Arriving in India, Landing in Delhi

So, we landed at Delhi after a night flight, somewhat tired, and took a taxi to our hotel.  The driver had some problems finding it, perhaps because Delhi is a big place, with 30 million inhabitants.  It’s a pity he didn’t know that it is near the 108-foot high statue of Hanuman, the monkey god, near the Jhandewalan metro station, a landmark by anybody’s reckoning.  But then, neither did we 🙂

We checked in at about 9 am, had some breakfast, and got some sleep.  That was pretty much the whole day, right there, but we ventured forth for something to eat later in the evening.  The area we’re in is devoted pretty much to car, scooter and bike mechanics, with a few hotels and the odd restaurant.  It was quiet when we arrived at 8 am, but now it’s in full effect: everything is happening everywhere, all at the same time.  You can’t walk on the pavements because they’re occupied by people cooking, fixing bikes, installing car radios, parking their cars, selling fruit, cleaning shoes, or running one-chair barber’s shops, or by big piles of rubbish, dogs, skips, small altars, more cars, buses, stalls selling shoes, lemonade, and cigarettes, and more rubbish, even if there was a pavement to start with.  So, everyone walks in the road, which was a dual carriageway, but is now a single track each way because of the aforementioned commercial activities, dogs, etc.  This entails lively dodging of trucks, buses, motorcycles, cycle rickshaws, autorickshaws, other pedestrians, dogs, and cyclists.  Anyway, we have a fabulous meal in a restaurant called Sandoz, capacity about fifteen covers, for about five quid for us both.  Here’s the bread cooking team, cooking, of course, on the pavement outside.

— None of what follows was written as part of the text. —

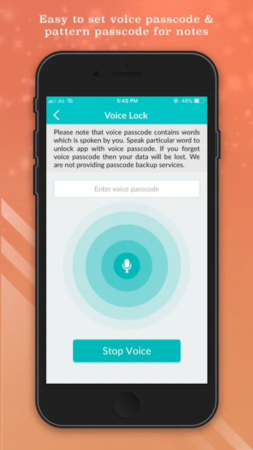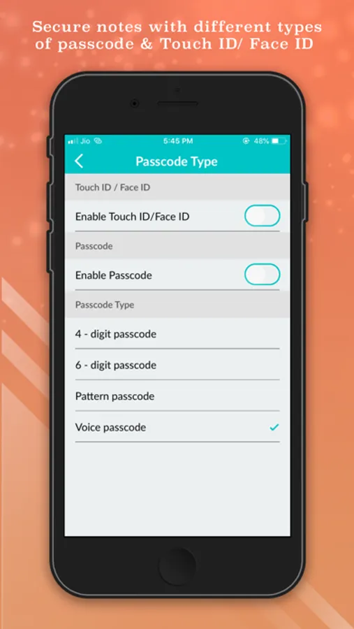 You can secure your note and important data with different type of passcode like 4 - digit passcode, 6 - digit passcode, pattern passcode, voice passcode and Touch ID/Face Id.

In the days following, we come to appreciate the sheer density of human kind in Delhi.  Here’s a couple of street scenes from Chandni Chowk, a bazaar area near the Red Fort.

Autorickshaws are a cheap, sometimes fun way of getting around, even if the journey is a bit like a video game.  Delhi ‘s roads have no rules.  You can go anywhere you like, or more accurately can get to, even the wrong way up dual carriageways.  It is quite bracing once you get used to it.

Eventually, fighting off offers of rickshaws and taxis, we took the metro to the Red Fort.  The metro is cheap and efficient, but somewhat crowded, especially around the New Delhi Railway Station.

Gathering a bit more confidence, we spend a hectic couple of days exploring the major sites of Delhi: Hamayun’s tomb and the Masjid Mosque among them.  Here’s a couple of photographs of them: Diane looks especially good in her rented covering in the mosque.

Hamayun, by the way, was a Mogul emperor, and the mausoleum shown was commissioned by his wife.  It created a precedent for the large tomb which reached it’s heght, perhaps, with the Taj Mahal.

So, comparatively rested, we’re ready for our first train journey, heading for the former British hill station at Shimla.  By the way, this post is late for technical reasons to do with trying to use a small tablet to create blog content: apologies.

1 comment to Arriving in India, Landing in Delhi

  • Chandrika

    great to see the pics. the area you may have stayed in Delhi is Karol Bagh. I am surprised you are risking street food so early in your travels. Stay safe!